From June to September 2012, Japonica rice (unmilled) prices rose 6 percent. Industry contacts noted this rise was due to low commercial stocks (end of the marketing year and before the harvest). Because of rising rice prices, Heilongjiang province officials auctioned Japonica rice at RMB 3,100 per ton in September 2012.

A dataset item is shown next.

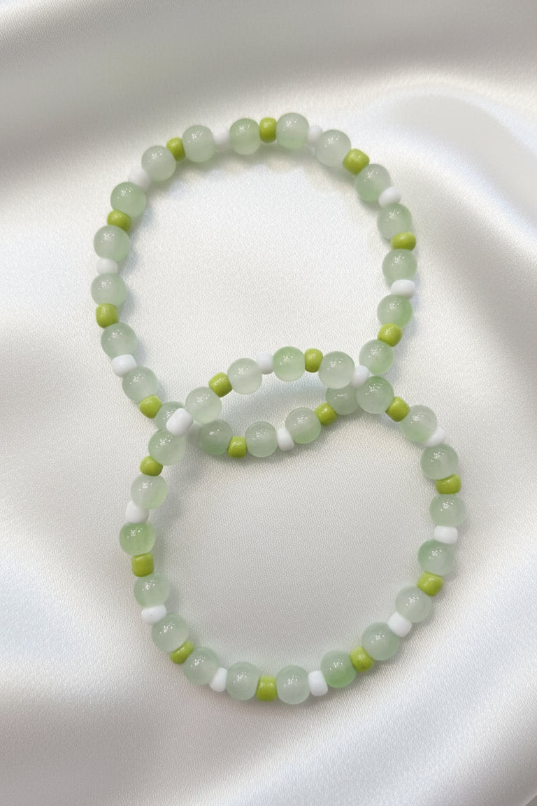 Add a splash of spring to your wrist with the playful "Spring Meadow" bracelet. Featuring elastic comfort and a lively mix of milky green glass beads paired with cheerful white and yellow-green seed beads, this bracelet captures the fresh, bright spirit of a blooming meadow. Perfect for layering or wearing solo to brighten any outfit with a subtle, nature-inspired charm.
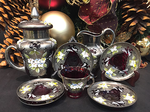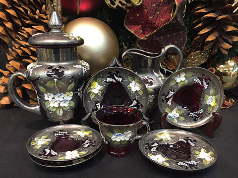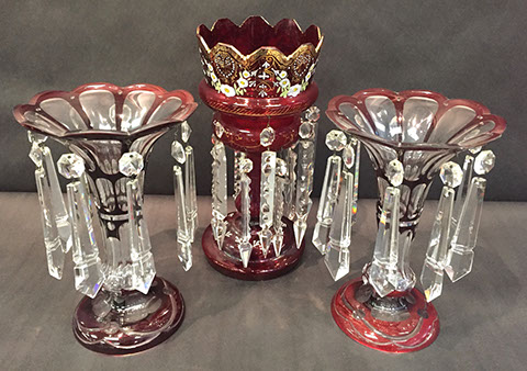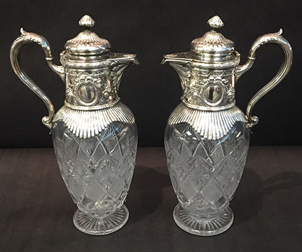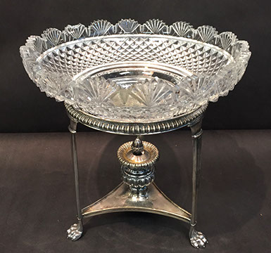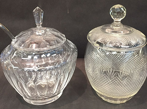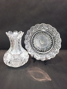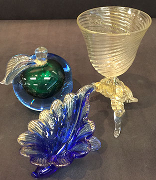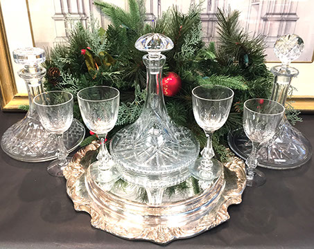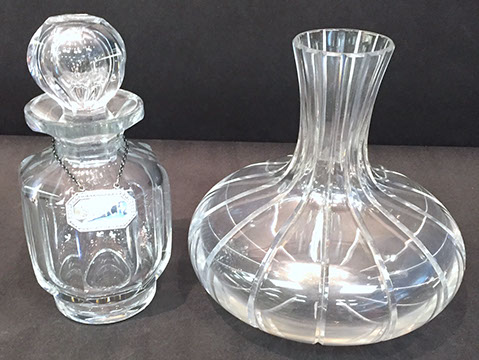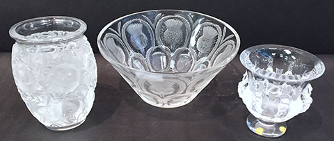 Large and important pieces of Lalique: stemware, perfume bottles, ring dishes, figurines; Daum: significant figurines, tall vase; Baccarat stemware, vases, decanters, figurines, place card holders; Waterford stemware in many patterns, decanters and vases; Rosenthal stemware; Bohemian cut to clear stemware, vases, lustres; Moser, Steuben lamp, animals; Gorham stemware and bar glasses; Orrefors, American Brilliant Cut glass stemware, vases, bowls, Tiffany & Co. bowls, vases; Edinburgh “Thistle” stemware; Lobmeyr; Murano lamps; Murano fruit and animal figurines; Victorian custard glass; Victorian Vaseline glass epergne; Cut glass punch bowls; Sabino

According to National Grain and Oil Information Center, from November 2011 to February 2012, to encourage rice production and support farmer incomes, the provincial government purchased more than 10 MMT of Japonica rice in Heilongjiang at RMB 2,800 per ton for temporary state reserves. This price was higher than the central government set price for Japonica of RMB 2,560 per ton in MY 11/12. Recently, NGOIC also announced that from November 2012 to March 31, 2013 the floor price for Japonica rice in Heilongjiang, Jilin, and Liaoning will be RMB 2,800 per ton. The Japonica rice harvest starts in October in Heilongjiang, which produces half of China’s Japonica rice.

Government Support for Grain Production

The following extension programs are funded, implemented, and/or directed under the Ministry of Agriculture (MOA). Although the investments are large, it is unclear how effective or what impact they have on Chinese agricultural production, which supports more than 100 million farmers.

According to MOA, in 2010 and 2011 it awarded grants totaling RMB 21 and 22.5 billion to over 1000 counties as a reward for high grain production. During the same time frame, the Ministry allocated RMB 1 and 1.5 billion to build grain, oilseed, and sugar demonstration farms (totaling 56 million mu (1 HA= 15 mu)) to educate farmers on how to increase yields. In 2011, RMB 500 million in subsidies supported local disease prevention/control organizations that specialize in eradicating or controlling pest infestations in corn, rice, and wheat (the subsidy covered 800 counties and was applied towards pesticide procurement, field operation equipment, machinery maintenance, and pest surveys). MOA also provided subsidies for small-scale water conservancy or irrigation projects and agricultural insurance.